Kaliteli Zaman Şeysi

İşe dönmeden önce çok kararlıydım, az ama öz zaman geçirecektik işe başladığımda. Yani işte o kaliteli zaman dediklerinden.

İşe başladım. Sabah Doruk uyurken evden çıkıyorum. Akşamın köründe eve dönüyorum. O arada iş yorgunluğuna bir de yol yorgunluğu ekleniyor. Eve geldiğimde Esin olarak değil, anne bile değil, pestil olarak geliyorum. Doruk'u akşam yemeği sırasında oyalama çabalarıyla kalan son enerjimi de tüketiyorum. Eh sayın pestil! Çocuk derki "Kalk oynayalım." Pestil diyemezki "Çok yorgunum." Bütün gün yemek dışında birlikte geçirdiğimiz zaman topu topu bir saat belki. Ama bu benim seçtiğim hatta bizim seçtiğimiz bir saat değil. İşten yorgun dönülmüş bir saat. Önceden tasarlanmış eğlenceli etkinlikler, koşturmacalı kovalamacalı bol kahkahalı etkinlikler ya da Doruk'un yönlendirmesine bırakılmış doğaçlama etkinlikler... Hepsi hikaye bana. Parmağımı kaldıracak halim yokken nasıl kendimi vereyim oyuna. Bi kahve yapsam, bacaklarımı uzatsam, kitap okusam ha? Hayır, istediğim bu değil. Ben de Doruk'la oynamak, gülmek, eğlenmek istiyorum ama enerjim yok. Bu bir saat bitse de Doruk'la birlikte ben de yatağa gömülsem diye bekliyorum. Her gün aynı. Bilen varsa söylesin bu
zamanı nasıl kaliteli geçirebiliriz? Öyle bir ihtimal var mı ya da?

Bir zaman dilimini bilerek, isteyerek kaliteli hale getirebilir miyiz? Yorgun, üzgün, stresli olabiliyor insan ve her zaman kendini yönetemiyor. Bir gün vaktimiz çok güzel geçerken diğer gün kırdığım oluyor Doruk'u. Keyfim yokken keyif aşılayamıyorum bazen. Çok üzülüyorum sonra. Keşke kaliteli geçirmek zorunda olduğumuz kısıtlı zamanımız yerine sık sık kaliteli geçen bol zamanımız olsa. Hayatın çok hızlı aktığı, çalışma saatlerinin ömür bitirdiği, trafiğin bitmek bilmediği bir yerde olmuyor ne yazıkki.

Bu konuyu düşündükçe yanlış hayatın içinde hissediyorum kendimi.

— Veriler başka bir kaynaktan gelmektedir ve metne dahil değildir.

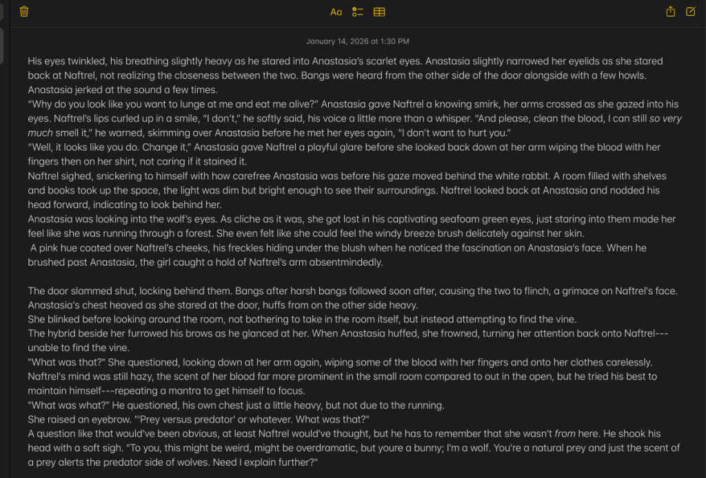 How do I rewrite it? I usually use notes in general for literally everything, including this work, so, I went to my writing folder and made a new note.
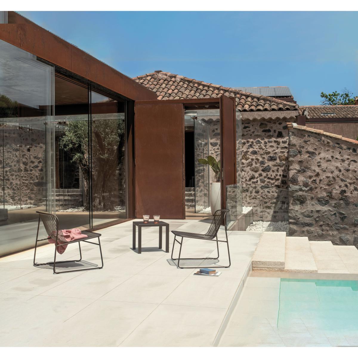 A shape that is both simple and elegant for the collection of Riviera metal chairs and armchairs. The fine tubular structure with sinuous curves supports a seat made up of flat steel bands. The airy outline appears like a graphical, minimalist and sophisticated sign. The retro grace of this collection is modernised by the use of modern manufacturing materials and techniques. Stackable and hard-wearing, the Riviera easy chair is suitable for both private and professional spaces (bars, restaurants, etc). With more than fifty years’ experience in metalworking, Emu expresses its style in gardens and terraces all around the world. Emu creations have become icons in the world of "made in Italy" design and quality.

Nasıl değiştireceğimi bilmiyorum ama işten daha az vakit ayırmak istemiyorum oğluma. Ayırabildiğim çok az vakti ise yorgunluk yüzünden yaşayamamaktan nefret ediyorum. Bazen böööö (ce-eee) oyununu bile oynayacak halim olmuyor. Ne kadar basit aslında değil mi? Bunu yapacak halim yokken nasıl yeteceğim Doruk'a, nasıl doyuracağım ruhunu? Sevgimi göstermek için saatlerce sarılabilirim, evet! Onun sıcaklığıyla dinlenirim hem de o arada. Bu bana yeter de ona yeter mi? Enerjinin doruğunda bir Doruk... Sevgini göstermek için sıkı sıkı sarılmadan önce deli gibi peşinden koştur istiyor. Benimse o bir saat onunla koşturabilmek için dinlenmem gerekiyor yani biraz daha zamana ihtiyacım var. Az vakti kaliteli geçirebilir insan belki ama bunun için o az vakitten biraz daha çok vakte ihtiyacı var ki dinlensin, enerji toplasın. Bu da bende az vaktin her zaman kaliteli olması mümkün değildir karşılığını buluyor.

İşte ben o kaliteli zaman şeysine inanmıyorum artık. Zamanın kaliteli geçmesi için çok olması gerekiyor.